Each has its strength—**spaCy** for speed and production, **TextBlob** for simplicity, and **Transformers** for cutting-edge performance.

Let's perform Simple Task of Tokenization

## Tokenization

In [8]:
text = "Natural Language Processing is fun!"

### Using NLTK 

In [9]:
from nltk.tokenize import word_tokenize
tokens = word_tokenize(text)
print(tokens)

['Natural', 'Language', 'Processing', 'is', 'fun', '!']


### Using Spacy


In [10]:
nlp = spacy.load("en_core_web_sm") #  Loads a pre-trained spaCy model for tokenization

doc = nlp(text)
tokens = [token.text for token in doc]
print(tokens)

['Natural', 'Language', 'Processing', 'is', 'fun', '!']


### Using TextBlob

In [11]:
from textblob import TextBlob

blob = TextBlob(text)
tokens = blob.words
print(tokens)

['Natural', 'Language', 'Processing', 'is', 'fun']

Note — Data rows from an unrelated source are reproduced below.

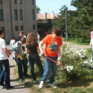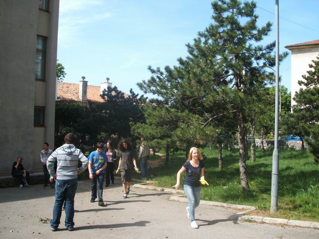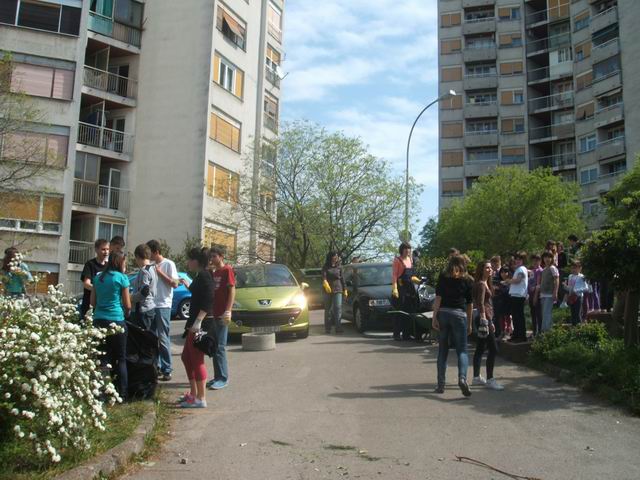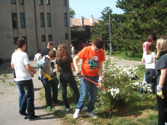 Ispred ulaza u školu, u utorak 12. travnja 2011. u 11,00 sati okupilo se 100-tinjak učenika, njihovih nastavnika, štićenici iz Prihvatilišta “Ruže sv.Franje” koji su zajedno s ravnateljicom škole, predstavnicima MO krenuli u čišćenje okoliša škole.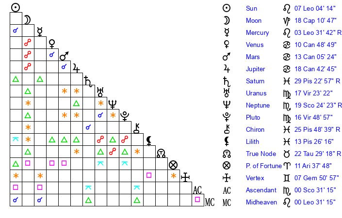Moon | 18 Capricorn 3 | 17 Libra 55 | 12 Pisces 29 |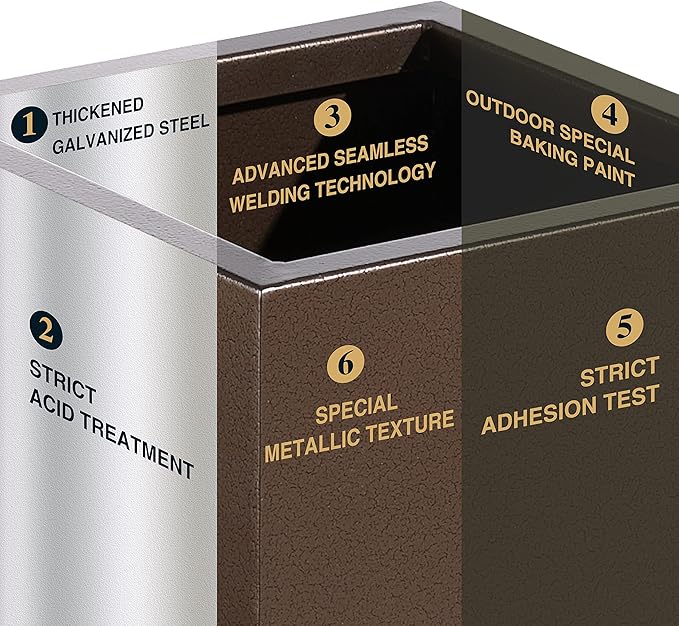 - 【METAL PLANT BOX】This planter box is made from a fully seam welded thick galvanized steel, and adopts outdoor special baking paint, giving the surface a premium metallic color and special texture through advanced powder injection process.

### Using Hugging Face Transformers

In [12]:
from transformers import AutoTokenizer

tokenizer = AutoTokenizer.from_pretrained("bert-base-uncased")
tokens = tokenizer.tokenize(text)
print(tokens)

['natural', 'language', 'processing', 'is', 'fun', '!']


### Using Gensim

In [13]:
from gensim.utils import simple_preprocess

tokens = simple_preprocess(text)
print(tokens)

['natural', 'language', 'processing', 'is', 'fun']